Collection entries
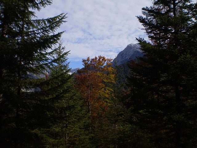 Kurz nach halb zehn ging es los, stopp Dietmar hatte noch seine Turnschuhe an, vergessen? Nein, nur nicht angezogen. Also dann los Richtung Scharnitz bis zur Abzweigung Karwendeltal. Hier ging es erst Richtung Pfeishütte, dann rechts ab rauf zur Oberbrunnalm. Was für ein Panorama, unterhalb der Birkarspitze entlang zur einer Abzweigung. Fußweg oder Fahrweg zur Oberbrunnalm? Dieter ganz entschlossen, natürlich Fahrweg, nicht schieben!
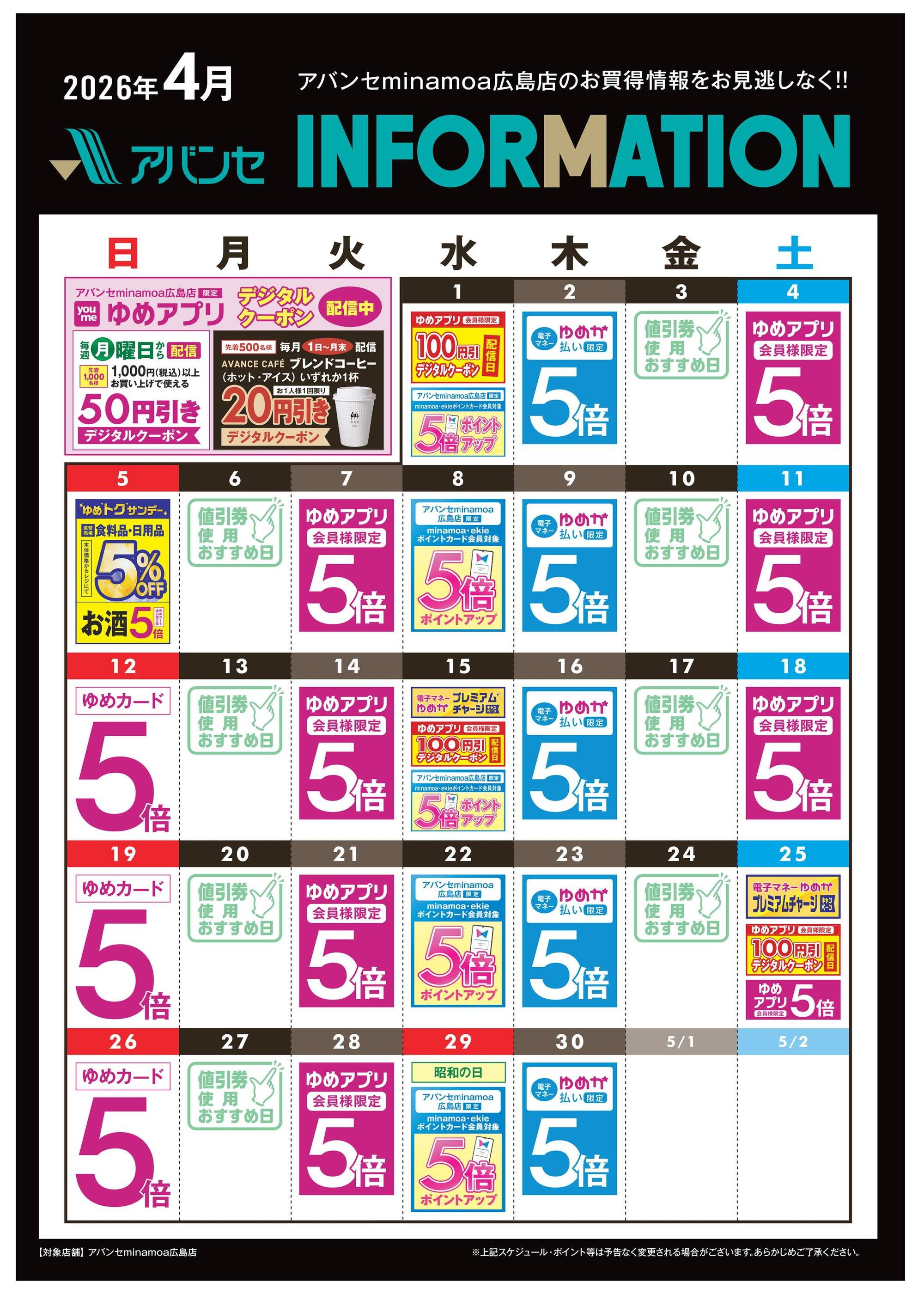 アバンセminamoa広島店今週のチラシ(2026年3月30日〜4月5日)
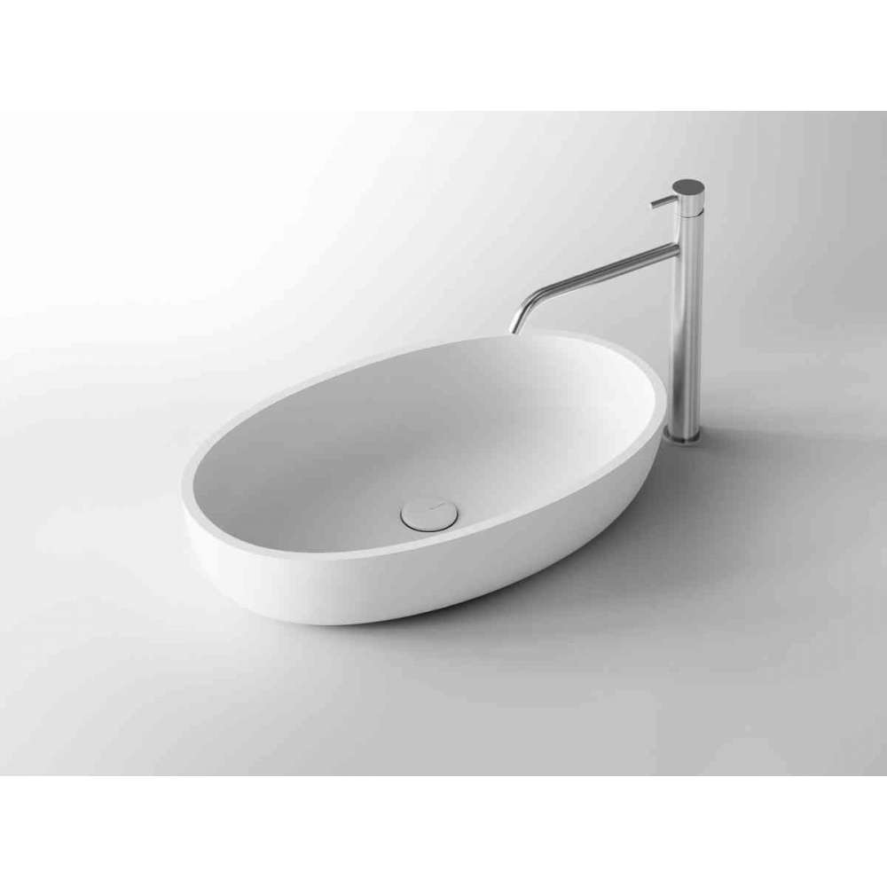 Umywalka o matowo-białej (alternatywnie: błyszczącej) powierzchni, wykonana z VELVET STONE™. Ręcznie uszlachetniana odlewana część wykonana z drobnego kamienia wapiennego i najwyższej jakości żywic.
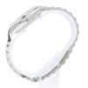 Chất liệu: Vỏ vàng trắng 18K, gờ đính 46 viên kim cương. Mặt số hồng, chữ số La Mã.
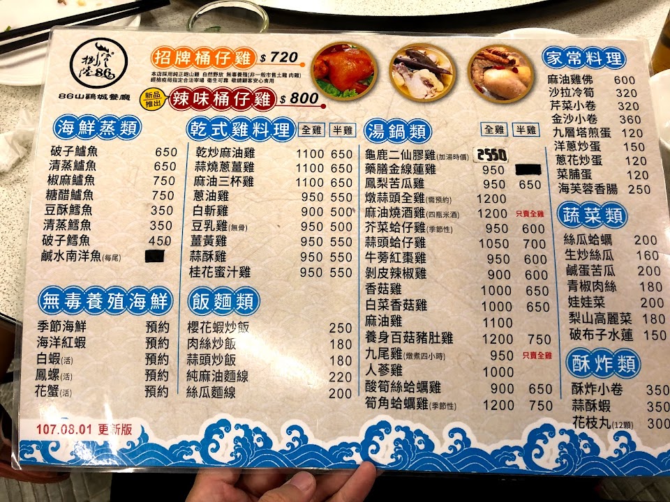 2024最新在地推薦餐廳的菜單_捌陸(86)山雞城的菜單、圖片
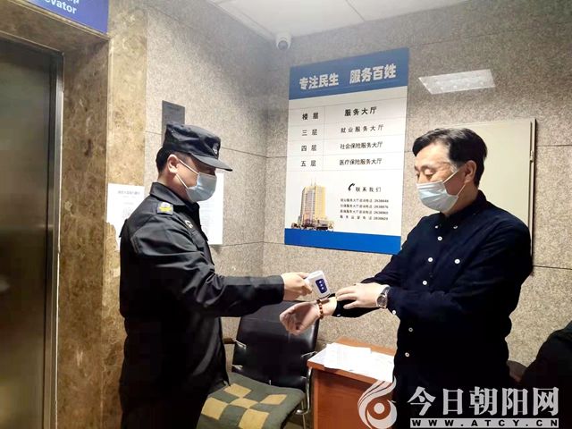 趙穎和褚云雪是大廈一樓大廳的兩名年輕保安員。疫情形勢變得嚴(yán)峻復(fù)雜后,她們每天都要穿著防護(hù)服,戴著手套、口罩上崗。為了避免麻煩,便選擇少喝水,以此來減少去廁所的次數(shù)。勞動大廈有醫(yī)保、社保等多個部門,每天接待前來辦理業(yè)務(wù)的人員2000余人,需要查驗每名來辦業(yè)務(wù)人員的行程碼、健康碼,完整登記個人身份信息,還要及時提醒所有進(jìn)出大廈人員佩戴好口罩。雖然工作繁雜,但她們始終保持高度的熱情和耐心,與人交流時語氣和善,伴著得體的肢體語言,讓人有如沐春風(fēng)的感覺。
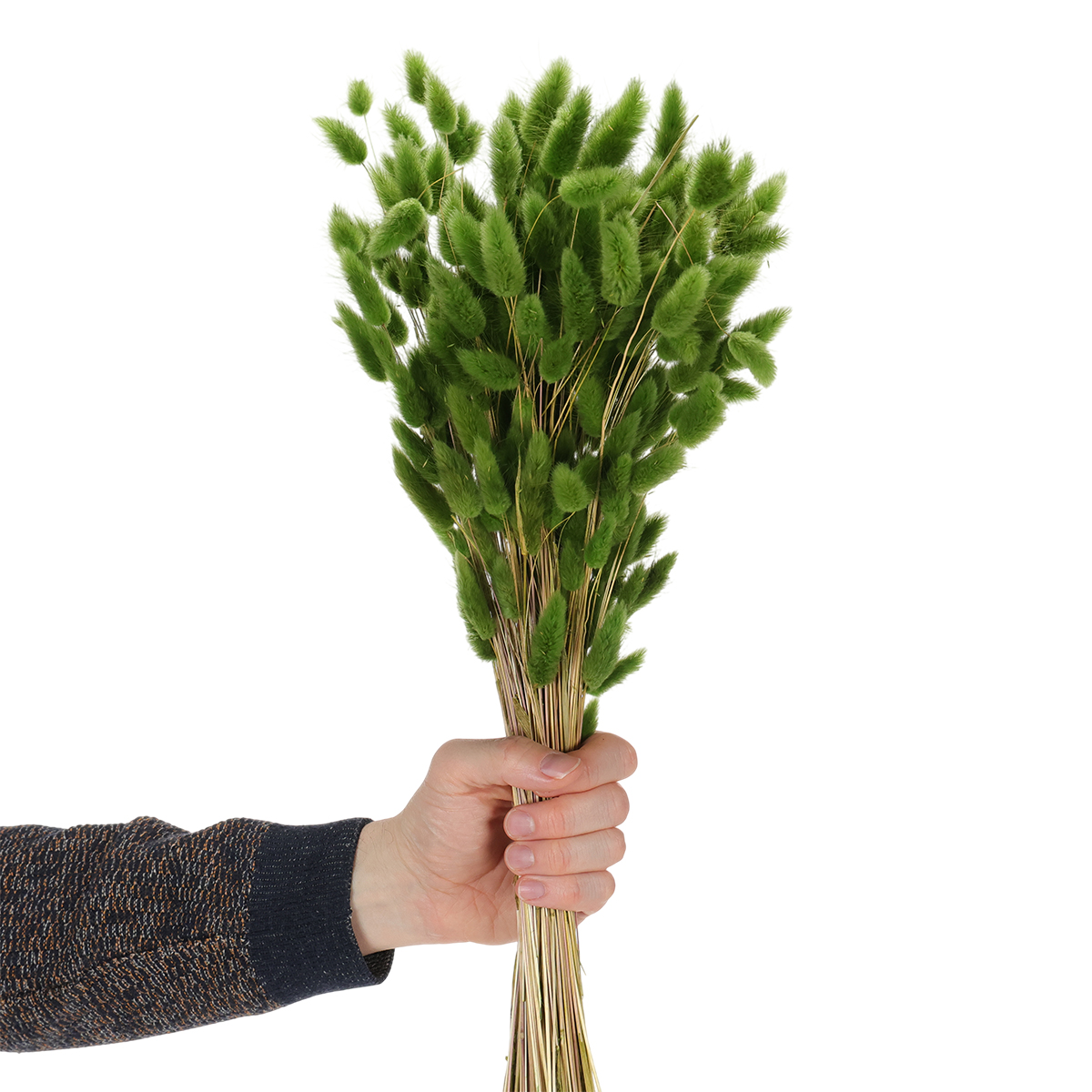 Tämä kuivattu oliivinvihreä Lagurus-heinä tuo ripauksen eloisuutta mihin tahansa boheemiin kuivakukka-asetelmiin. Tämän kuivatun heinän kirkkaanvihreä on yksi trendikkäimmistä väreistä, joita näet monenlaisissa kuivakukka-asetelmissa.

Exercise requirements
Print out the records in full and exactly, dropping every picture.

Written answer
 Kurz nach halb zehn ging es los, stopp Dietmar hatte noch seine Turnschuhe an, vergessen? Nein, nur nicht angezogen. Also dann los Richtung Scharnitz bis zur Abzweigung Karwendeltal. Hier ging es erst Richtung Pfeishütte, dann rechts ab rauf zur Oberbrunnalm. Was für ein Panorama, unterhalb der Birkarspitze entlang zur einer Abzweigung. Fußweg oder Fahrweg zur Oberbrunnalm? Dieter ganz entschlossen, natürlich Fahrweg, nicht schieben!
 アバンセminamoa広島店今週のチラシ(2026年3月30日〜4月5日)
 Umywalka o matowo-białej (alternatywnie: błyszczącej) powierzchni, wykonana z VELVET STONE™. Ręcznie uszlachetniana odlewana część wykonana z drobnego kamienia wapiennego i najwyższej jakości żywic.
 Chất liệu: Vỏ vàng trắng 18K, gờ đính 46 viên kim cương. Mặt số hồng, chữ số La Mã.
 2024最新在地推薦餐廳的菜單_捌陸(86)山雞城的菜單、圖片
 趙穎和褚云雪是大廈一樓大廳的兩名年輕保安員。疫情形勢變得嚴(yán)峻復(fù)雜后,她們每天都要穿著防護(hù)服,戴著手套、口罩上崗。為了避免麻煩,便選擇少喝水,以此來減少去廁所的次數(shù)。勞動大廈有醫(yī)保、社保等多個部門,每天接待前來辦理業(yè)務(wù)的人員2000余人,需要查驗每名來辦業(yè)務(wù)人員的行程碼、健康碼,完整登記個人身份信息,還要及時提醒所有進(jìn)出大廈人員佩戴好口罩。雖然工作繁雜,但她們始終保持高度的熱情和耐心,與人交流時語氣和善,伴著得體的肢體語言,讓人有如沐春風(fēng)的感覺。
 Tämä kuivattu oliivinvihreä Lagurus-heinä tuo ripauksen eloisuutta mihin tahansa boheemiin kuivakukka-asetelmiin. Tämän kuivatun heinän kirkkaanvihreä on yksi trendikkäimmistä väreistä, joita näet monenlaisissa kuivakukka-asetelmissa.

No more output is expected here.